This Call for Papers is an attempt to
meditate intellectually on the intellectual life, writings, and the legacy of
Joseph Antenor Firmin. This project not only presents Firmin as a
deconstructionist of the social sciences and humanities and theories of knowledge
articulated in Western history of ideas and social thought of his era; it also
accentuates his manifold contribution to these distinct fields of thought. As
an anti-racist intellectual and cosmopolitan thinker, Firmin challenges Western
idea of the colonial subject, race achievement, and modernity’s imagination of
a linear narrative of progress and reason based on the false premises of social
evolution and development, colonial history and epistemology, and the intellectual
evolution of the Aryan-White race. For Firmin, these Western-European fault-lines
and intellectual transgressions had deferred the work of universal progress,
the international alliance between the nations, peoples, and the races of the
world, and the cosmopolitan orientation toward phileo love and mutual respect. Firmin
anticipates the de-colonial option as a potential remedy to cure the shortcomings
of (Western) modernity and the intellectual decadence in Western interpretation
of human nature and society, history, and development.

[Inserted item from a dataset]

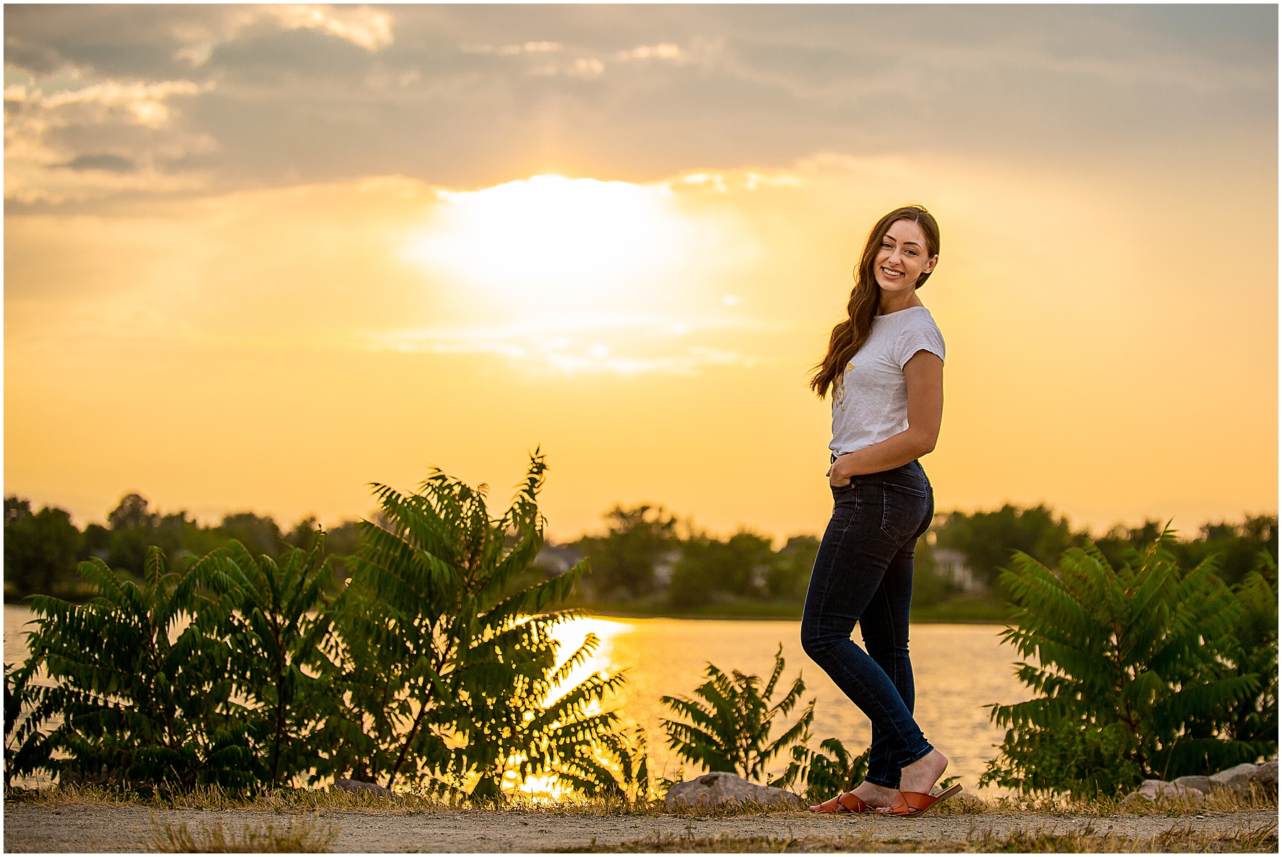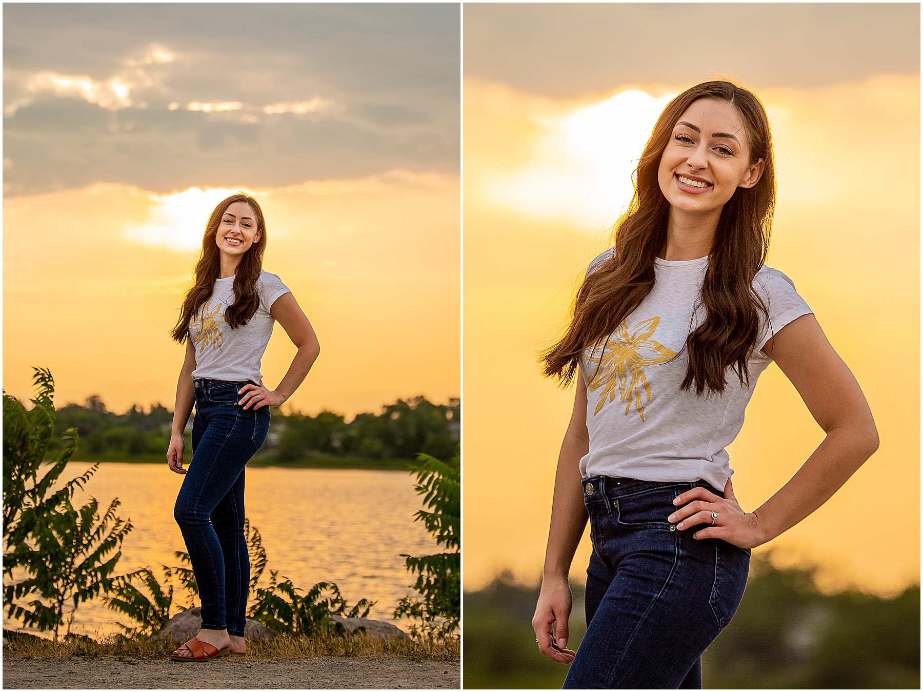 I couldn’t be more happy with how her portraits turned out. Dana is truly stunning and was so fun to work with. We were blessed with a gorgeous golden hour and a true Colorado sunset. If you can believe it, we almost left! Quickly, we decided to head up to the water and check out the lake one last time. I am so happy we did. Would you check out those head shots?? Not to mention the full portraits with that Colorado sky in the background! It doesn’t get much better than this.

For Firmin, the remapping of the geography
of reason and the intellectual reconfigurations of epistemology could be the veritable
solution to the problems of social sciences and the humanities, and to the race
question in the modern world—leading to an ethics of cosmopolitan humanism and the
possibility of living together as members of one human race. Subsequently, in
his work, Firmin projects a two-fold objective presented as a concurrent
intellectual event: (1) to deconstruct the conventional contours of social
sciences and the humanities and the theories of knowledge about the races and
peoples in the modern world for the advancement of the human race, and (2) to
reconstruct race and articulate a more accurate narrative of societal
development and human evolution, from a post-colonial imagination resulting
into a new positive narrative of human societies, global history, and human
understanding—toward the common good.
Firmin’s revisionist approach to
anthropology, sociology, and ancient and modern history was motivated by a genuine desire to correct European
perspective on the idea of a “single modernity;” by consequence, he suggested
both parallel and alternative modernities and corresponding civilizations. The Firminian project of creative deconstruction,
positivism, and reconstruction of human historical narrative and theories of knowledge
anticipates the renewal of humanity and the possibilities of imagining future
possibilities with an emancipative hope and intent. Firmin’s primary argument is that the history
of the world, in the strictest sense of the term,
is not a racial accomplishment, the accomplishment of whiteness. In response,
Firmin proposed alternative modernities whose foundations and ethical
frameworks are non-European and pre-Western.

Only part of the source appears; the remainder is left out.